The US Federal Aviation Administration (FAA) has a goal that one billion gallons of renewable jet fuel is consumed by the US aviation industry each year from 2018. We examine the economic and emissions impacts of this goal using renewable fuel produced from a Hydroprocessed Esters and Fatty Acids (HEFA) process from renewable oils. Our approach employs an economy-wide model of economic activity and energy systems and a detailed partial equilibrium model of the aviation industry. If soybean oil is used as a feedstock, we find that meeting the aviation biofuel goal in 2020 will require an implicit subsidy from airlines to biofuel producers of $2.69 per gallon of renewable jet fuel. If the aviation goal can be met by fuel from oilseed rotation crops grown on otherwise fallow land, the implicit subsidy is $0.35 per gallon of renewable jet fuel. As commercial aviation biofuel consumption represents less than two per cent of total fuel used by this industry, the goal has a small impact on the average price of jet fuel and carbon dioxide emissions.
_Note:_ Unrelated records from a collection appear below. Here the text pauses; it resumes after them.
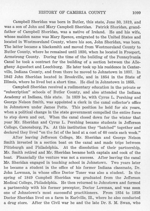 After leaving Jefferson College, Mr. Sheridan and George Nelson Smith invested in a section boat on the canal and made trips between Pittsburgh and Philadelphia. At the dissolution of their partnership, Mr. Smith retired and Mr. Sheridan became both captain and cook of the boat. Financially the venture was not a success. After leaving the canal Mr. Sheridan engaged in teaching school in Johnstown. Two years later he became a student in the office of his former Indiana classmate, Dr. John Lowman, in whose office Doctor Toner was also a student. In the spring of 1849 Campbell Sheridan was graduated from the Jefferson Medical College, Philadelphia. He then returned to Johnstown and formed a partnership with his former preceptor, Doctor Lowman, and was soon one of Johnstown's most successful practitioners. From 1854 to 1858 Doctor Sheridan lived on a farm in Earlville, Ill., where he also conducted a drug store. After the Civil war he and the late Dr. S. M. Swan, who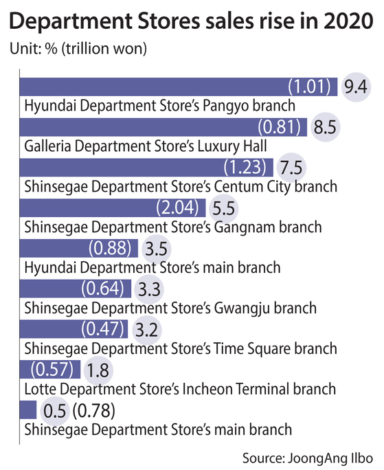 According to the retail industry, sales at most of the 60 department stores across the country were down at least double-digits last year due to the coronavirus pandemic. But at nine locations, sales may have actually increased: Five Shinsegae Department Store branches, two Hyundai Department Store branches, Lotte Department Store and Galleria Department Store.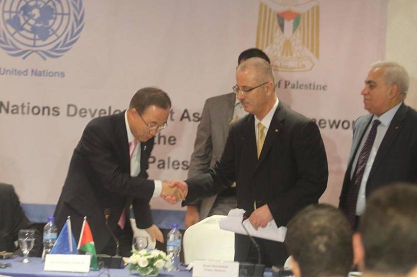 بان كي مون أمين عام الأمم المتحدة لدى وصوله رام الله ولقاء رئيس الوزراء رامي الحمد الله

We also find that, under the pathways we examine, the cost per tonne of CO2 abated due aviation biofuels is between $50 and $400.

Suggested Citation

  • Winchester, Niven & McConnachie, Dominic & Wollersheim, Christoph & Waitz, Ian A., 2013. "Economic and Emissions Impacts of Renewable Fuel Goals for Aviation in the US," 2013 Annual Meeting, August 4-6, 2013, Washington, D.C. 155003, Agricultural and Applied Economics Association.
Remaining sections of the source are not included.